Product Details
Product Overview:
Our company manufactures organic waste gas adsorption and purification units that leverage the highly porous structure and enormous specific surface area of activated carbon—up to 500–2,300 m² per gram—enabling molecular‑level adsorption of organic pollutants from the exhaust stream via intermolecular forces (van der Waals forces). This process effectively purifies the waste gas, ensuring that the treated effluent meets regulatory emission standards.
Physical adsorption and chemical adsorption—physical adsorption primarily relies on intermolecular forces to adsorb nonpolar pollutants, whereas chemical adsorption involves chemical reactions between the active functional groups on the activated carbon surface and the pollutants, converting them into harmless substances.
Synergistic treatment of multiple pollutant types—capable of simultaneously treating a wide range of organic waste gases, including benzene‑, ketone‑, alcohol‑, ether‑, and alkane‑based compounds; it can also handle acidic and alkaline waste gases, sulfide‑containing odorous gases (such as hydrogen sulfide and ammonia), as well as harmful substances like formaldehyde and TVOCs.
Front-end dust removal and cooling (extended function) —— can be used in conjunction with a VOCs exhaust gas purification system, providing functions such as pre‑treatment dust removal, temperature reduction, and acid–alkali neutralization.
Smart Monitoring (Extended Type) — This new Product can be equipped with an automatic detector for monitoring activated carbon adsorption saturation, providing real-time tracking of adsorption saturation and issuing automatic alerts to prompt replacement of the carbon layer; it can also be optionally fitted with an IoT module to enable remote monitoring of device status via mobile phone or PC.
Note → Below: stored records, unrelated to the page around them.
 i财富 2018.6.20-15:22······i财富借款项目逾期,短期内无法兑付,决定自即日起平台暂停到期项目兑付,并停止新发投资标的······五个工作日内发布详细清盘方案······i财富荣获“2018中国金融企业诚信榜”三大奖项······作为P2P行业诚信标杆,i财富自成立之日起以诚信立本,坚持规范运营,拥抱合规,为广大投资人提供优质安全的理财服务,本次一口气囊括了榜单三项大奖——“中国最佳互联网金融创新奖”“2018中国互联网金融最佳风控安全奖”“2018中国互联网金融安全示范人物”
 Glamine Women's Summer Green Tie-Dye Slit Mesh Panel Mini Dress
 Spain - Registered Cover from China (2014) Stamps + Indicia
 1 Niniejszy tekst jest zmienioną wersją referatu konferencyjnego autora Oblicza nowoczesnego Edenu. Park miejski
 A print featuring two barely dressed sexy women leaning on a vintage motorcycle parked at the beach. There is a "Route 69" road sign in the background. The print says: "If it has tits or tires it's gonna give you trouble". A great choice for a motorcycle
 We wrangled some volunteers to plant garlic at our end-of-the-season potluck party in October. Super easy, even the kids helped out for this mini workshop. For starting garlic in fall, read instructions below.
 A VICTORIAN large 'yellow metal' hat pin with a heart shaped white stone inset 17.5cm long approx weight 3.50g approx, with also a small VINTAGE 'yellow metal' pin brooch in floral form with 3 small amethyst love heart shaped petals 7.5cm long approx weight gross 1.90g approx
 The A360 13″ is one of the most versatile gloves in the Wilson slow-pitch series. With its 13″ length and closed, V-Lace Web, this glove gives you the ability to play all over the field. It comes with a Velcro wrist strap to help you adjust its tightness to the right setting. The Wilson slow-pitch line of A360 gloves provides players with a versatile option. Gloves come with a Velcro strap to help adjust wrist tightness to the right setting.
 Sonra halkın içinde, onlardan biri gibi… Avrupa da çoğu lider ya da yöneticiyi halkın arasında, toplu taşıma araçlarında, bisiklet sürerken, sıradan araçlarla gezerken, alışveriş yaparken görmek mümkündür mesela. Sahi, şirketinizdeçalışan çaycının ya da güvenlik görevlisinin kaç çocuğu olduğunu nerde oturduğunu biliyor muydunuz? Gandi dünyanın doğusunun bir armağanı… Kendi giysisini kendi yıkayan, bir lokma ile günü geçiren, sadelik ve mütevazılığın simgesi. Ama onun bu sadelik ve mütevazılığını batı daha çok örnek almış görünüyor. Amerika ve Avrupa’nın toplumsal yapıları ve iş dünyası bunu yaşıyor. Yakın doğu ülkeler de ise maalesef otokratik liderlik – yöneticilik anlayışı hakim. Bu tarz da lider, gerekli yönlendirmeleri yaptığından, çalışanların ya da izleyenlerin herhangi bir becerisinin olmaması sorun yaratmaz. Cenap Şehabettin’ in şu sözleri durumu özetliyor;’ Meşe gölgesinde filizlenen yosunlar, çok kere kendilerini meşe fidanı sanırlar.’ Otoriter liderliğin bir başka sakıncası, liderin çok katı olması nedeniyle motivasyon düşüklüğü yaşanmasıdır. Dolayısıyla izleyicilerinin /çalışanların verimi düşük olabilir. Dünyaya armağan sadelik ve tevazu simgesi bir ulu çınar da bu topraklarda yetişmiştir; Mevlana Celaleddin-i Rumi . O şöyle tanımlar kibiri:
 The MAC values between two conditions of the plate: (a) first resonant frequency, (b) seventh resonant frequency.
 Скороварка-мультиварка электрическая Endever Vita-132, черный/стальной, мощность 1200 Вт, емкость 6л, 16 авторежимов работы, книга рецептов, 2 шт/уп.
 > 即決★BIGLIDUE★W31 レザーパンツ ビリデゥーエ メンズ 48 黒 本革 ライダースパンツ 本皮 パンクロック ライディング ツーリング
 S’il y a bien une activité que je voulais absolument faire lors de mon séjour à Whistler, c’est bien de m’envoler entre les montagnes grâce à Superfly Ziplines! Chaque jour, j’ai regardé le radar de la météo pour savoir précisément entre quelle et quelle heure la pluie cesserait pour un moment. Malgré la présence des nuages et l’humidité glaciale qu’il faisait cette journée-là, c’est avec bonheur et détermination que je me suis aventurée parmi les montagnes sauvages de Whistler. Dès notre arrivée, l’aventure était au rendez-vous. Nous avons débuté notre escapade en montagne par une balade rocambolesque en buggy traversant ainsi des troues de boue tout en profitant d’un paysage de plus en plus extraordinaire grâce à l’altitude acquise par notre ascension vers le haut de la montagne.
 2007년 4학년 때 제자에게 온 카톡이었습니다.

Core product specifications:
| Parameter Name |
Unit |
Typical range |
Explanation |
| Handling air volume |
m³/h |
1,000–60,000 (Customizable to larger sizes) |
Designed according to the volume of exhaust gas generated, it is recommended to provide a margin. 10%–20% Margin |
| Equipment resistance |
Pa |
300–1,200 |
The resistance of the newly installed activated carbon is approximately 800–1,200 Pa , gradually increasing during use |
| Filtration air velocity |
m/s |
0.4–0.5 |
Maintaining control within this range can prevent activated carbon attrition and airflow channeling. |
| Activated carbon iodine number |
mg/g |
≥800 (Industrial-grade), high precision ≥1,000 |
The higher the iodine value, the stronger the adsorption capacity. |
| Specific surface area of activated carbon |
square meter /g |
800–1,500 |
Directly affects the adsorption capacity. |
| Purification efficiency |
% |
90–95 |
The adsorption efficiency for organic waste gases can reach 95% The above |
| Operating temperature |
°C |
Room temperature, recommended < 50 |
High temperatures can reduce adsorption efficiency, so cooling measures must be implemented. |
Common model and specification examples:
| Model number |
Handling air volume (m³/h) |
Activated carbon dosage (m³/kg) |
Equipment resistance (Pa) |
Equipment weight (kg) |
External dimensions L×W×H (mm) |
| GEW-3.0KHX |
3,000 |
0.26 m³ |
400 |
310 |
680×1,000×1,200 |
| GEW-10KHX |
10,000 |
0.83 m³ |
600 |
1,100 |
1,620×1,200×1,580 |
| GEW-20KHX |
20,000 |
1.56 m³ |
800 |
2,000 |
1,620×1,500×2,200 |
| GEW-50KHX |
50,000 |
3.75 m³ |
1200 |
4,750 |
3,950×1,500×2,200 |
| GEW-60KHX |
60,000 |
4.5 m³ |
1300 |
5,650 |
4,600×1,500×2,200 |
Key considerations for model selection:
Airflow Matching: Based on the airflow rate of the workshop’s ventilation system, select a model with the corresponding treatment capacity and allow for a 10%–20% margin.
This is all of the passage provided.